■ Information shown:
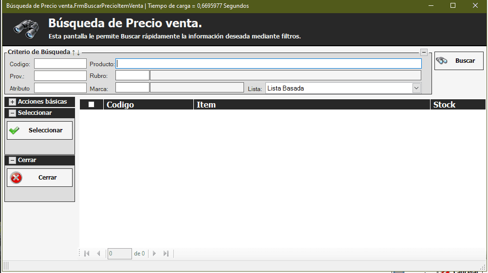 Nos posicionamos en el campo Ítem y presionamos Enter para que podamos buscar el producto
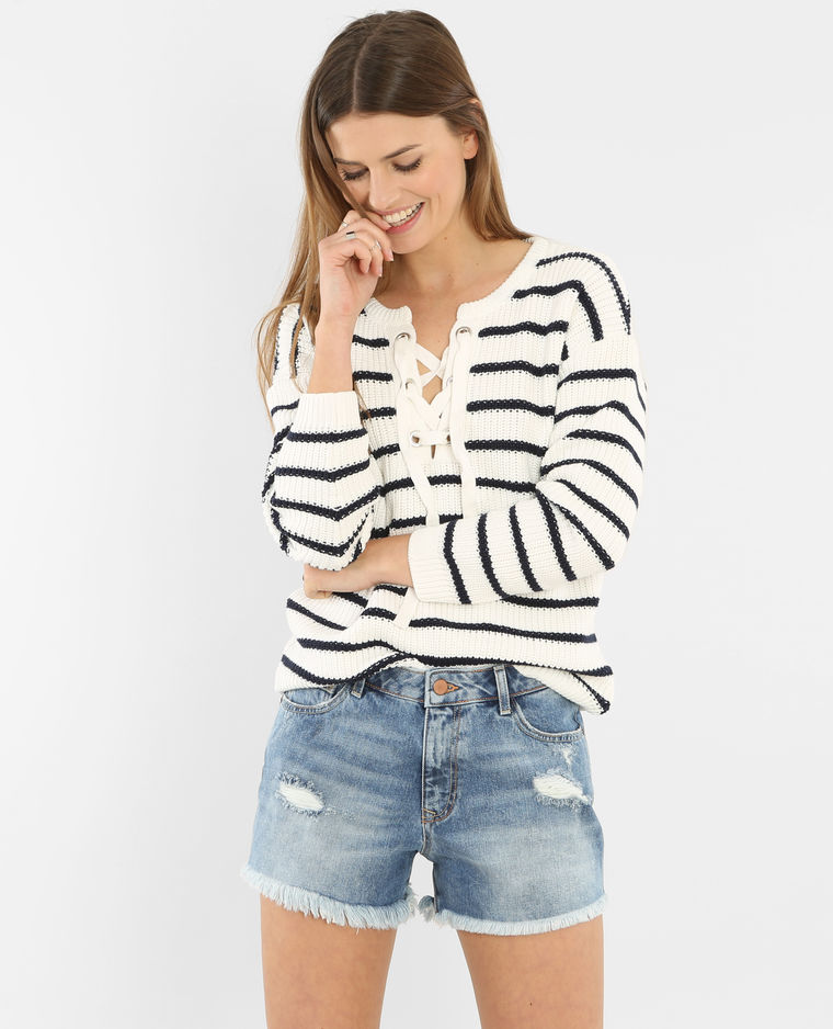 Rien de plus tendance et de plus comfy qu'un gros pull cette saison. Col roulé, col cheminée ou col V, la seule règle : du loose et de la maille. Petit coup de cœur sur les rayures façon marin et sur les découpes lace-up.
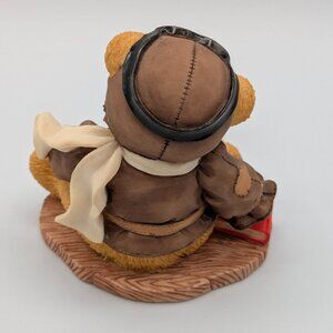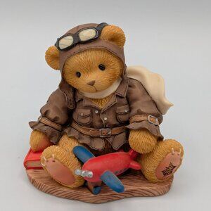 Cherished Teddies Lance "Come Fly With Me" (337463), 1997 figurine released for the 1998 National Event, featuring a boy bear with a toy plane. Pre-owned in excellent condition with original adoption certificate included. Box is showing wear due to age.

■ Exercise:
Return the material as it stands. Leave out the pictures.

■ Result below:
 Nos posicionamos en el campo Ítem y presionamos Enter para que podamos buscar el producto
 Rien de plus tendance et de plus comfy qu'un gros pull cette saison. Col roulé, col cheminée ou col V, la seule règle : du loose et de la maille. Petit coup de cœur sur les rayures façon marin et sur les découpes lace-up.
 Cherished Teddies Lance "Come Fly With Me" (337463), 1997 figurine released for the 1998 National Event, featuring a boy bear with a toy plane. Pre-owned in excellent condition with original adoption certificate included. Box is showing wear due to age.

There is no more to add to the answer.